The mosquitoes there were the thickest I've encountered anywhere in my life, but not quite as thick as the layer of deet I had sprayed myself in. Alan's dad claimed one summer night, the mosquitoes were thick enough to set off his car alarm. A slight rain in the morning eventually gave out to blazing sun, and finally to mild cloud cover. Eventually we came to a stretch of the river that was too overgrown with trees and large boulders to navigate with the canoe, and the forest itself had banks too steep to try to navigate on foot with the boat. We decided to shore the canoe for a while and try our luck wading the river there.
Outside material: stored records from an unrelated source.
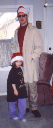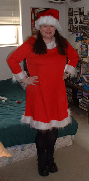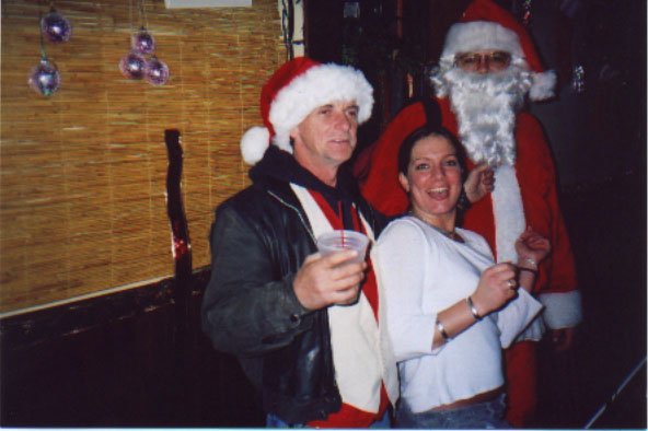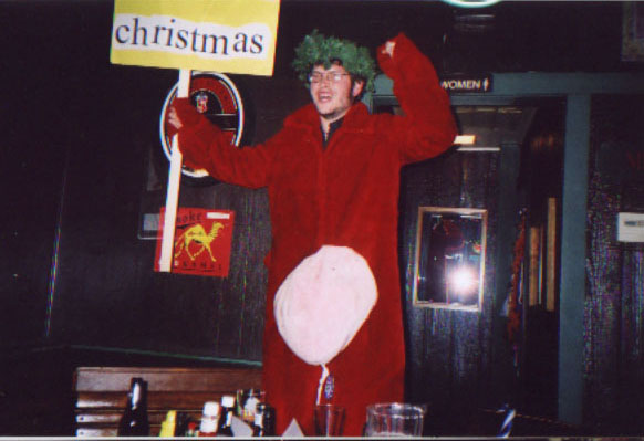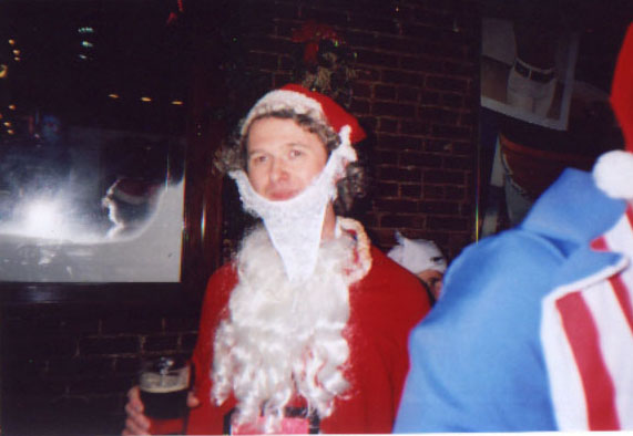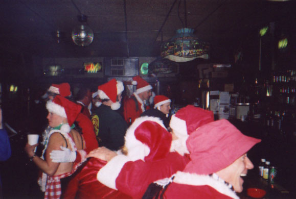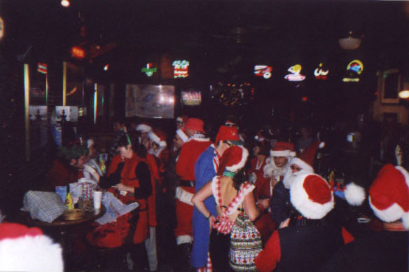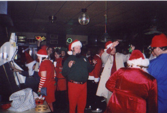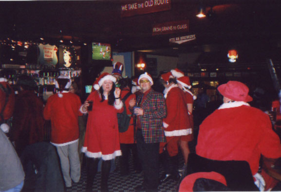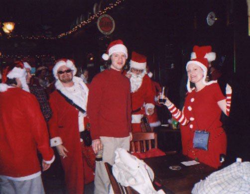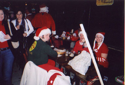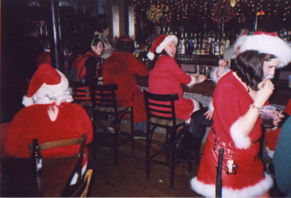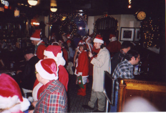 Tom conducts some caroling Santas as other Santas pick out tunes on the jukebox.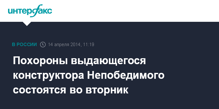Похороны выдающегося конструктора Непобедимого состоятся во вторник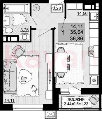 Продажа 1-комн. квартиры, 36.86 кв.м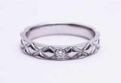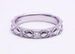 出来上がりの幅を優先して、一文字の指輪のちいさなダイヤを利用してお作りさせていただきました。
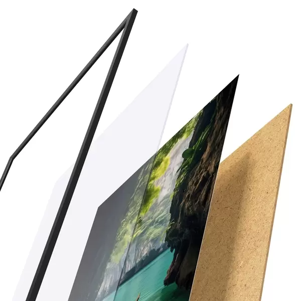 Plakát se skládá z rámu, plexiskla, tištěného obrazu a dřevotřískového podkladu. Díky úchytům na zadní straně lze plakát ihned zavěsit na zeď.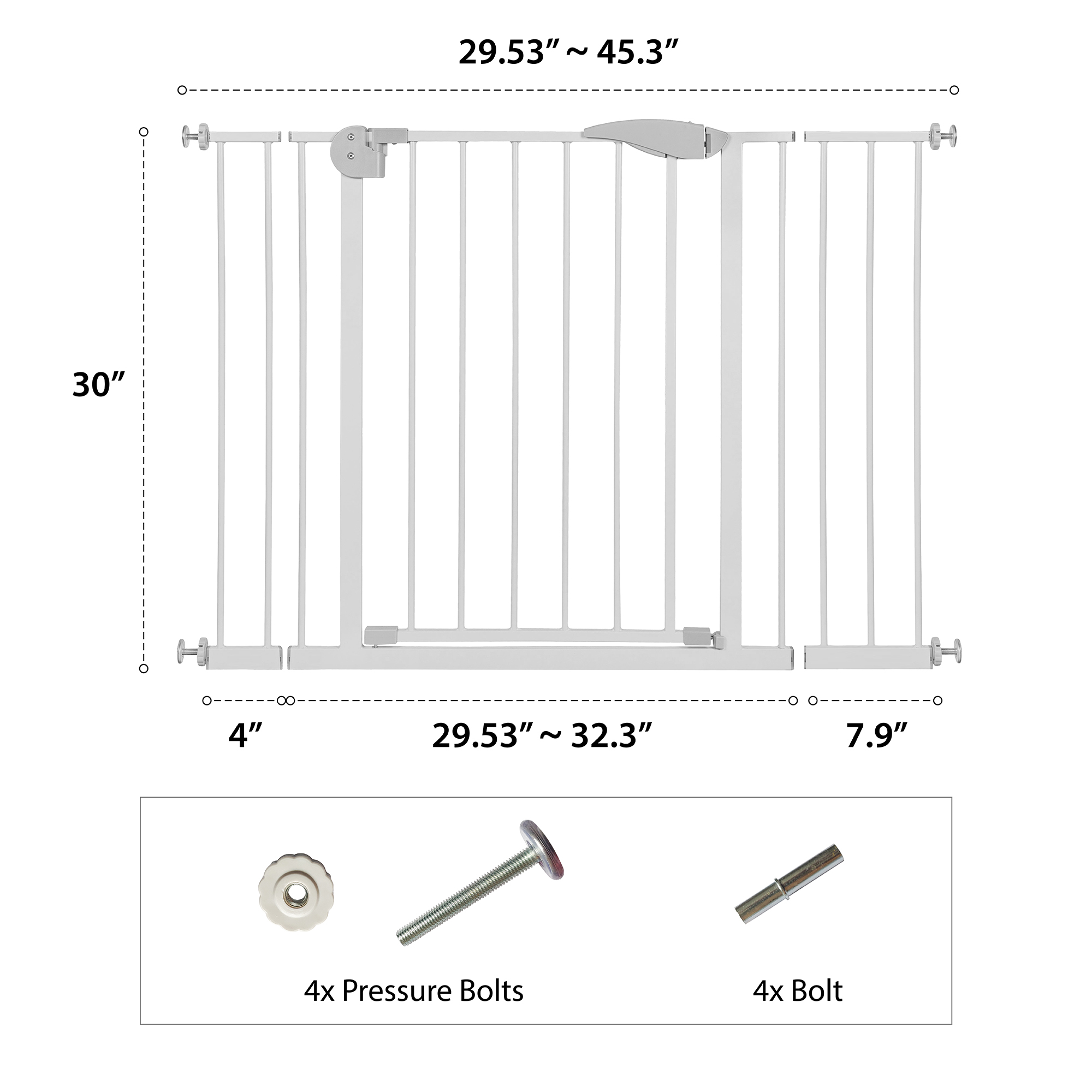• 【Extra wide】Expands to fit openings between 29.5"-45.3" width with 4" and 8" extension kits (Note: not fit openings between 31.8-33.4 Inch and 38.7-40.3 Inch), please be sure measure your opening before purchase to ensure proper fit. This baby gate is perfect for stairs, kitchen, hallway and doorways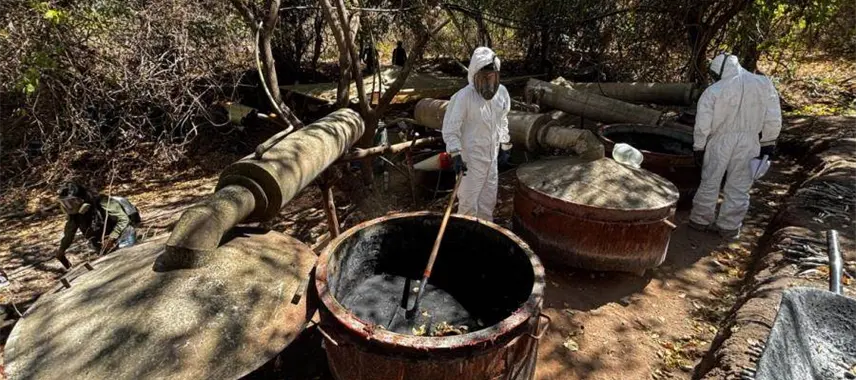 Por otro lado, elementos del Ejército, en un recorrido por los poblados del Zapote, Bartolo y Cabañas de Tacuichamona, aseguraron 660 litros de acetona, 100 litros de ácido clorhídrico, 25 kilos de sosa cáustica, 20 bidones, un tambo y seis tinacos.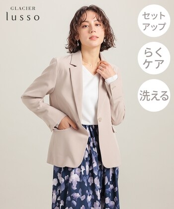 オンもオフも美しく【デザイン】ベーシックなテーラードカラーの1つボタンタイプ。スカートにもパンツにも合う丈感と程よくシェイプされたウエストラインのすっきり見えシルエット。バックベンツと後身頃に裏地のない背抜き仕様で突っ張り感を軽減し、気温の高いシーズンでも快適。【素材・機能】ストレッチの利いたツイル素材とバックのベンツで、動きやすくストレスフリーな着心地。家庭用の洗濯機で洗える『ウォッシャブル』と、洗濯後もシワになりにくい『イージーケア』の機能付きで、お手入れもラクラク。【スタイル】ワイドパンツやスカートに合わせたきれいめ通勤スタイルはもちろん、ブラウス合わせのお出かけフェミニンスタイルやデニム×ロンTに合わせたカジュアルスタイルにも、幅広く活躍。ワンピースの上にサラッと羽織るのも◎同素材のパンツもご用意しています。よりスタイリッシュに決まるセットアップでの着用もおすすめです。●セットアップ商品・テーラードジャケット(品番:7730418497)・テーパードパンツ(品番:5730731048)※時期により未販売または売り切れの場合がございます。 ●商品サイズ(cm)[S]バスト91・身丈59・袖丈55・肩幅37[M]バスト95・身丈61・袖丈56・肩幅38[L]バスト99・身丈62・袖丈57・肩幅39[LL]バスト105・身丈64・袖丈57・肩幅40※サイズにつきましては若干の誤差が生じる場合がございます。予めご了承ください。※モデル着用サイズ:Mサイズ※身丈は衿ぐり肩位置から後裾まで ●品質/表地 ポリエステル 96%・ポリウレタン 4%・裏地 ポリエステル 100%●裏地/後身頃以外あり■ミャンマー製※裾後中心ベンツあり ●商品サイズ(cm)サイズ,バスト,身丈,袖丈,肩幅S,91,59,55,37M,95,61,56,38L,99,62,57,39LL,105,64,57,40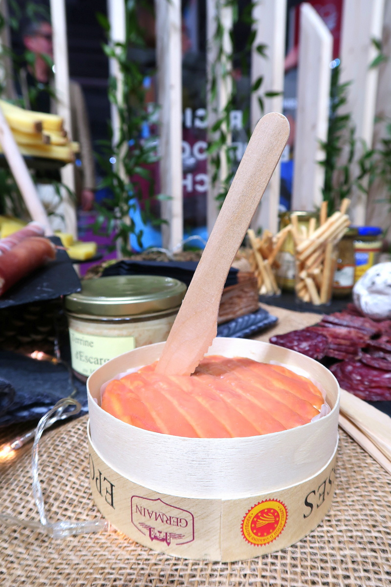 En soirée, je me suis rendue dans le hall 3, dédié aux régions de France et à leurs produits, invitée à découvrir des produits régionaux de Bourgogne-Franche-Comté, territoire agricole et forestier situé dans l’Est de la France (si besoin est de préciser !). La région compte 14 appellations d’origine protégée (AOP) et 4 indications géographiques protégées (IGP) pour les fromages, 120 vins et spiritueux et 5 AOP et 16 IGP du côté des viandes et salaisons (comme la saucisse de Morteau !).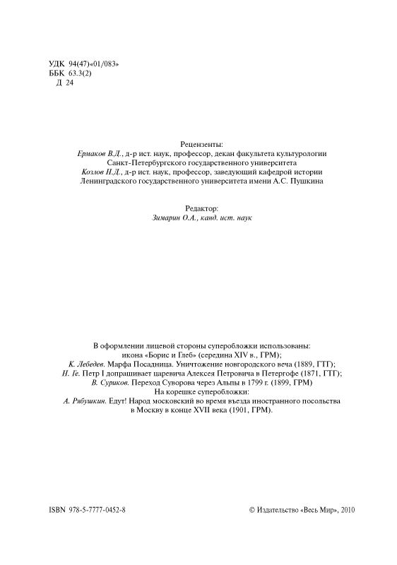Рекомендуется преподавателя и студентам исторических факультетов университетов, а также всем студентам, изучающим курс отечественной истории. Книга обращена и ко всем любителям давней и современной истории Отечества.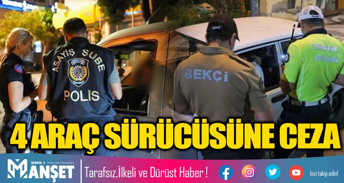 DENETİMLERDE 4 ARAÇ SÜRÜCÜSÜNE CEZA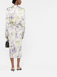 floral-print dress Off-White presents a sophisticated style with this mid-length dress. Decorated with an all-over floral print, this elegant silhouette features a classic collar and draped detailing for a refined touch. Made in Italy Composition Polyester 97%, Elastane 3%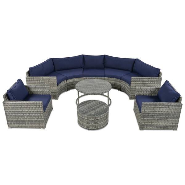9-Pieces Wicker Outdoor Half-Moon Patio Sectional Set, Modern Style Sofa Gray Wicker, with Blue Cushions and Round Table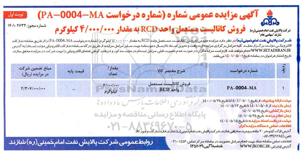 | PA-0004-MA | فروش کاتالیست مستعمل واحد RCD | 4.000.000 کیلوگرم | - | 2.307.000.000 |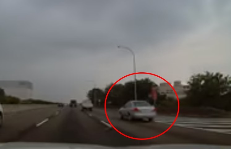 影片中,只見13日下午國道一號的車流量並不大,就在正要行經165公里台中系統交流道時,外線一輛銀色轎車「靜止」在原地,後方駕駛見狀趕忙長按喇叭提醒,同時緊急切進其他車道閃避,這才沒有發生車禍。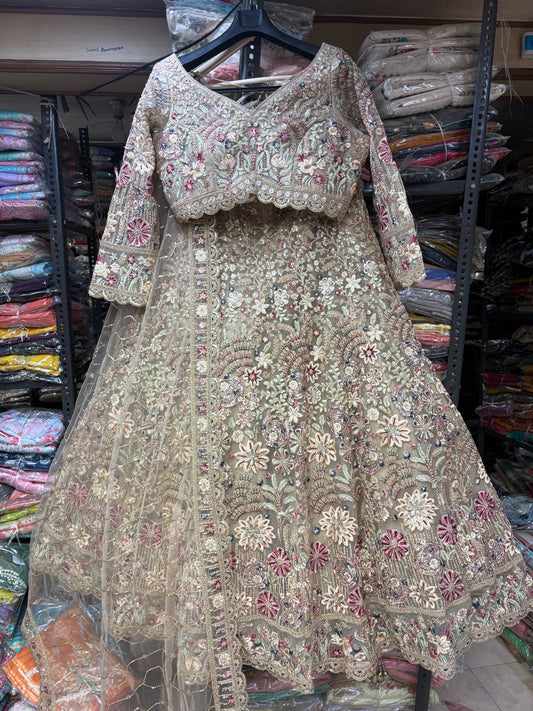 Khoobsurat Beige peach handwork Ready to Wear Crop top Lehenga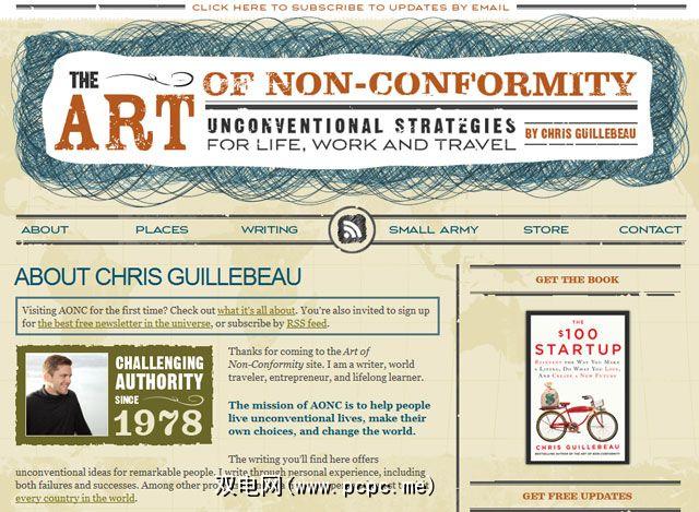 如果您已经阅读了《 The $ 100 Startup》中的非常规建议,那么您将知道Chris Guillebeau是谁。对于希望跟随自己的热情的人来说,这是一个很好的推荐读物。您会发现克里斯永久驻扎在不合格品艺术(AONC)中。他的博客不是关于个人发展,而是关于如何通过企业家精神和非常规工作实现个人里程碑。

I found the brook trout eager to strike at many varieties of flies, but just as quick to spit them out. I cannot count the number of times I had a strike on a dry fly, or how many times I saw my indicator wobble and sink, but the fish had already spit the hook before I could set it. The trip was not in vain, however, and both Alan and I were able to land a few decent sized brook trout, approximately 5-7 inches in length. I've read that the Plover River does hold some good sized browns as well, but they did not make themselves known to us. The brook trout, however, were not shy. I found their coloring incredibly striking, with bright orange fins with black and white tips, and red polka dots scattered along their body. The few I finally did manage to net were caught on my tried-and-true white floss jig, a fly that has become a staple of my fly box and a regular character in all of the stories in which I actually manage to catch fish.
We floated downstream back to the car, and tried to re-fish the spots we had hit earlier that day. By that point, the sun was high in the sky and we were beginning to get uncomfortably hot. We got back to the car (and the dead snapping turtle), and took off a short way down the road to try and hit another access point on the river before the end of the day. The stretch we found was deep, fast, and narrow. It was hard fishing and we didn't stay for long. The mosquitoes here, deeper in the wetter, more bog-like woods, were too thick to tolerate, so we were soon back on the road looking for alternate access. The further upstream we went, the more narrow the river turned, until eventually it was passing under the road in culverts, impossible to fish.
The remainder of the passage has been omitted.